Does the government have a paranoid fear of its neighbors? It is a country that has often been described as a Chinese island in a Malay sea, with 230 million Muslims in Indonesia and 30 million in Malaysia. But relations with both are good, with Singapore’s banks bulging with money, much of it stolen, deposited by officials from both countries. The last threat was in the 1960s, when Sukarno, the newly nationalistic president of Indonesia, vowed to take over what was then the Federation of Malay States. The threat died with Sukarno.

Nonetheless, spend some time in Singapore and some eye-popping facts emerge. The highway into central Singapore from Changi Airport, lined with lovely, scenic boxes of bougainvillea, is said actually to be hardened down to six feet to accommodate the pounding of fast-landing fighter jets. The planter boxes can be bulldozed out of the way in minutes to provide another runway if its military air facilities are bombed or destroyed. The island is honeycombed with tunnels that lead to pill boxes where occasionally a head can be seen, on guard. Every Singaporean male and second-generation permanent resident over the age of 18 must register for two years of national service, either in the Singapore Armed Forces or the Singapore Police. Its naval forces participate in exercises with the US and other Southeast Asian nations.
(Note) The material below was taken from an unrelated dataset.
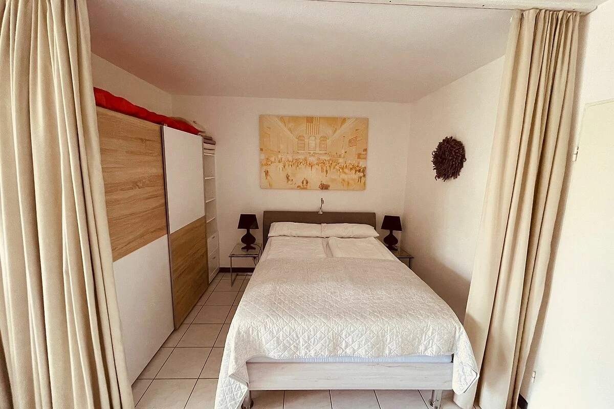 Ebenso in den Wohnbereich integriert ist ein Räumlich abgetrenntes Doppelbett.

Much of this deep defensiveness, of course, stems from World War II, when a supposedly impregnable British colonial bastion, its massive guns pointing out to sea, was overrun in three weeks by Japanese infantry that swept down the Malaysian peninsula and swallowed it up from the north, dealing devastating cruelty to its citizens.
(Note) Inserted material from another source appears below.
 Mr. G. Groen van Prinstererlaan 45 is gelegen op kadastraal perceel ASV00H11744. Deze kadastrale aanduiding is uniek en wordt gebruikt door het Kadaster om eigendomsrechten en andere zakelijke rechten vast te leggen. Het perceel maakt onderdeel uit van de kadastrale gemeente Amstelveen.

As soon as it was on its feet, the country implemented what was called a "poisoned shrimp" system of deterrence, acknowledging that while its larger neighbors could swallow it, doing so would be painful if not fatal. That policy was changed to a "porcupine" defemse – a sophisticated defense geared at keeping its enemies from ever getting close to the close to the country in the first place. According to an analysis by Jonathan Gad published in March, Prime Minister Lee Hsien Loong has led a metamorphosis to a so-called “dolphin" strategy “much as dolphins are said to strike at sharks. It seeks to project power over a greater distance, which requires a well-developed navy and high-quality aircraft, such as the F16s.

The region overall saw steady growth in military expenditure between 2010 and 2014. There were net increases for all countries, averaging 37.6 percent. Southeast Asian countries spent $38.2 billion on defense in 2014, according to Abuja’s analysis. Brunei, always a big spender on weapons at the behest of its militaristic Sultan Hassanol Bolkiah, increased its spending by 28 percent, followed by Cambodia at 14.4 percent and Vietnam at 14.1 percent.
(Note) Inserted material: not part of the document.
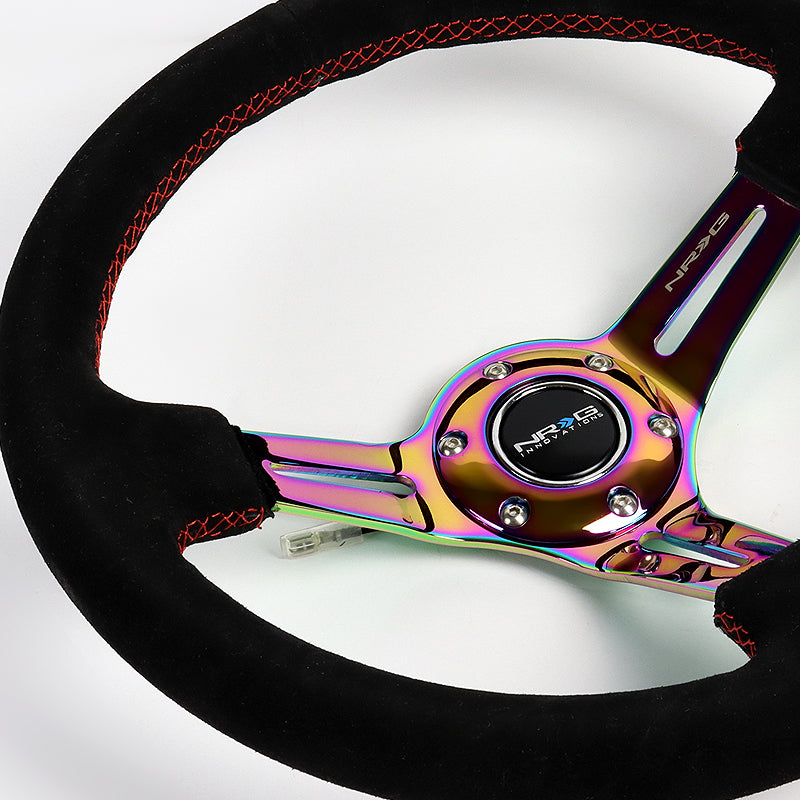 NRG 13.75" 350mm 6-Bolt Hole Black Suede Red Stitch Grip With Aluminum Finished 3-Spoke 3 Inch Deep Dish Steering Wheel RST-018S-MCRS-Neo Chrome Spoke

All countries saw strong increases in military spending between 2010 and 2014. Vietnam led with a 59.1 percent increase, followed by Cambodia, 56.2 percent, and Indonesia, 50.6 percent. The average increase between 2010 and 2014 was 37.6 percent in U.S. dollars and 44 percent in local currencies. It was the less developed states that were above the regional average, as they tried to play catch up, according to the CogitAsia analysis.

Average military expenditure as a percentage of gross domestic product (GDP) was 2.2 percent in ASEAN in 2014, though it ranged from 0.8 percent (Indonesia) to 4.3 percent (Myanmar). Military expenditure as a percentage of GDP remains fairly stable; only Brunei and Myanmar have seen dramatic shifts between 2010 and 2014.

In 2014, Indonesia accounted for 18 percent of all of ASEAN defense spending. Military spending accounted for 4.1 percent of total government spending in 2014, less than half of the regional average of 8.8 percent, according to the CogitAsia analysis. Indonesian defense spending as a percentage of GDP was the lowest in the region at 0.8 percent, well below the average of 2.2. percent. Per capita defense spending in Indonesia is $27.80, the second lowest in the region after Cambodia. In April 2015, the Indonesian parliament announced a plan to increase military expenditure to $15 billion by 2020, twice the 2015 level; expenditure would increase from 0.8 percent to 1.5 percent of GDP.